A review by storyman
Eerie by Blake Crouch, Jordan Crouch

3.0

Eerie is a self-published horror/haunted house novel by the Crouch brothers Blake and Jake. The story starts with a father and two motherless siblings, Grant and Paige, in a harrowing car crash where they all survive, but gain mental scars in the process. Their father is reduced to a shell, living in a care home.
The story swiftly moves into their adulthood where the siblings are now estranged. Grant is a Seattle detective looking for two missing men. Searching reunites him with his sister, now living in a brownstone and making her living from high-class prostitution. He immediately sees that something, apart from her living, is not right with her. Her skin is sallow, her eyes sunken, and she fears his presence. Does she have anything to do with the men’s disappearance?

The book reminds me of Chris Allinotte’s Turn Around short story in his Gathering Darkness collection, where something you cannot directly see follows you everywhere, driving you to madness. Similarly, here something lurks in Paige’s bedroom, sitting in her peripheral vision without ever revealing itself. The authors do a great job of raising neck hairs with this thing, making you read on to find out what it is, and what it wants with the men she services in her room.

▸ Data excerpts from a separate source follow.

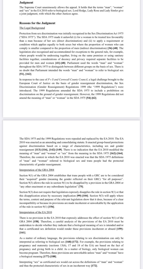 The Supreme Court unanimously allows the appeal. It holds that the terms “man”, “woman” and “sex” in the EA 2010 refer to biological sex. Lord Hodge, Lady Rose and Lady Simler give a joint judgment, with which the other Justices agree.
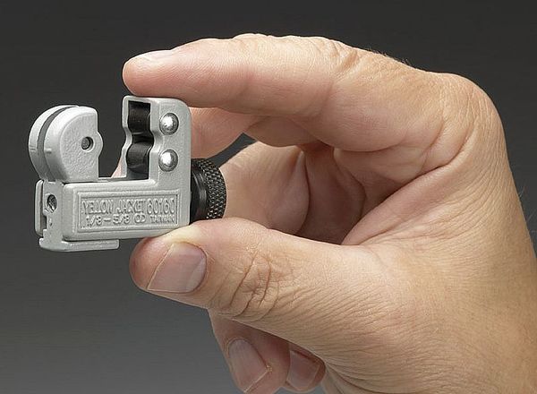 Tubing Cutter, 1/8" to 5/8" Cut Cap.SKU G4821661Categories Hand ToolsDescription Tubing Cutter, Product Type Mini-Cutter, Material Application Aluminum, Brass, Copper, Cutting Action Enclosed Feed, Minimum Cutting Capacity 3/16 in, Maximum Cutting Capacity 11/16 in, Tool Length 4 1/2 in, Body Material Aluminum, Blade Material Steel, Features Turning Radius of Only 1-3/16 Inch, Handle Design Textured for Grip, Handle Material Aluminum, Replacement Blade Mfr. No. 60110graingerSKU: 38D886, mscSKU: , zoro_no: G4821661, mongo_id: 65bbe63d3aaddbd5a90184d9
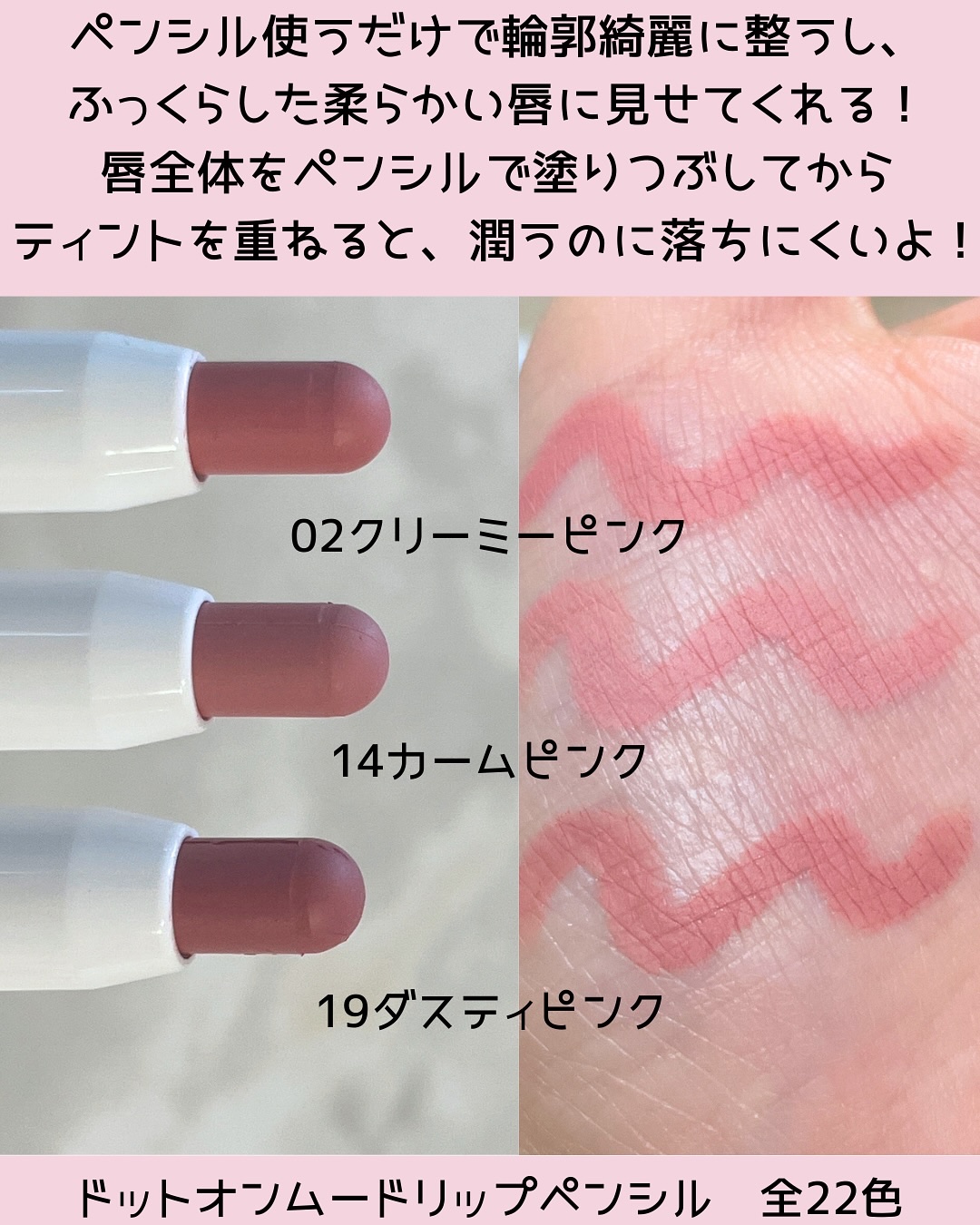 | どのカラーも馴染みがよくて、一度の塗布でしっかりめにカラーがのってぷっくり感を演出してくれる気がする🩷 | 詳細を見る | ||
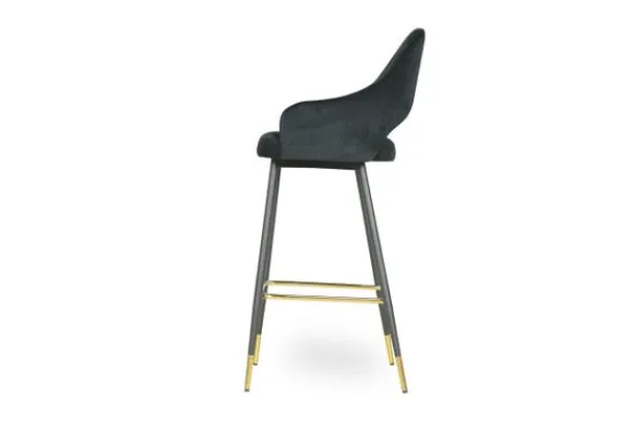 Barkruk Bagneux van het merk Vie Chic is beschikbaar in alle kleuren en in verschillende materiaalsoorten zoals stof, velvet en microvezel. Je kunt kiezen uit verschillende pootkleuren en hoogtes. Een goud detail onderaan de poten is optioneel. Wanneer je kiest voor de barkuk van 98 cm hoog, dan is de zithoogte 66 cm hoog. Wanneer je kiest voor de barkruk van 108 cm hoog, dan is de zithoogte 77 cm. De Bagneux heeft een ronde rugleuning, die doorloopt in armleuningen. Onderin de rugleuning zit een opening. Tussen de poten zit een voetensteun.
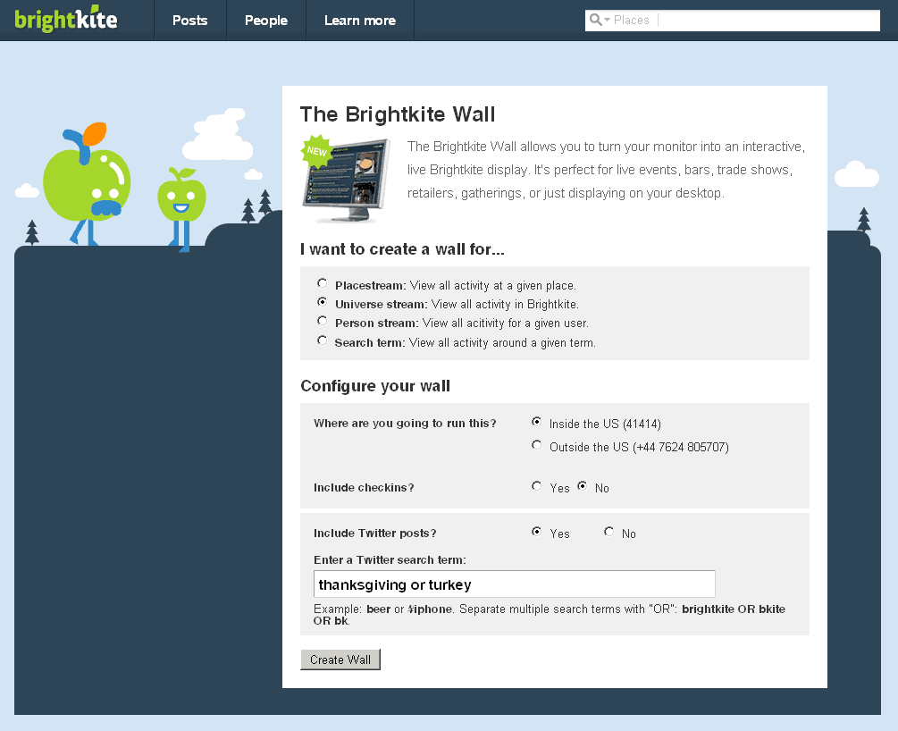Last year I hosted Thanksgiving dinner at my pocket-sized house and practically counter-free kitchen for a dozen people. Since I had been in the kitchen almost non-stop since the prior afternoon I wasn’t in much of a position to entertain my guests, but I did have something they found fascinating. I had just discovered the Brightkite Wall.

You would think the siblings should leave, but it induces intense pain in them if they try, thus trapping them in the house, and the reader with them for the most part. The claustrophobia doesn’t grate like you might expect, but you might find yourself wanting a bit of fresh air. The horror intensifies when Grant invites an old friend, Don, who specialises in allaying people’s fears. Outraged at the invitation, Paige nevertheless agrees to let the man go up to her room, hoping he’s right about her fears being groundless. A few alarming noises later Grant charges up the stairs to see his old friend slash his throat as a result of what he has just experienced. Must be some beast you’re thinking.

The horror contrasts nicely with the siblings’ dialogue, their present tension explained by snippets of information about their past – about how they evaded social services and lived by themselves as kids; how he wanted to protect her and how she resented every second of his care. Now they’re thrown together into this hell, they have to care for each other and deal with the moral issue of protecting themselves by inviting more of Paige’s clients, their pain reducing as the monster does what it needs to the men.

So, a cracking read… spoiled by an ending that might have most readers grinding their teeth in frustration. I guessed much of what the monster is about half way through, and that got me reading right through. I thought it could be interesting, like a riff on the Urscumug in Mythago Wood. However, what actually happens flaws the whole thing. This could depend on your perspective – it is sort of spiritual – but I couldn’t help think “Selfish, selfish, selfish.” It fails to give a satisfactory reason for Don killing himself. This, along with the undercooked romance between Grant and his police partner doesn’t help, undermining what could have been a little corker of a novel.

Overall, I enjoyed reading most of this, but that ending is so disappointing.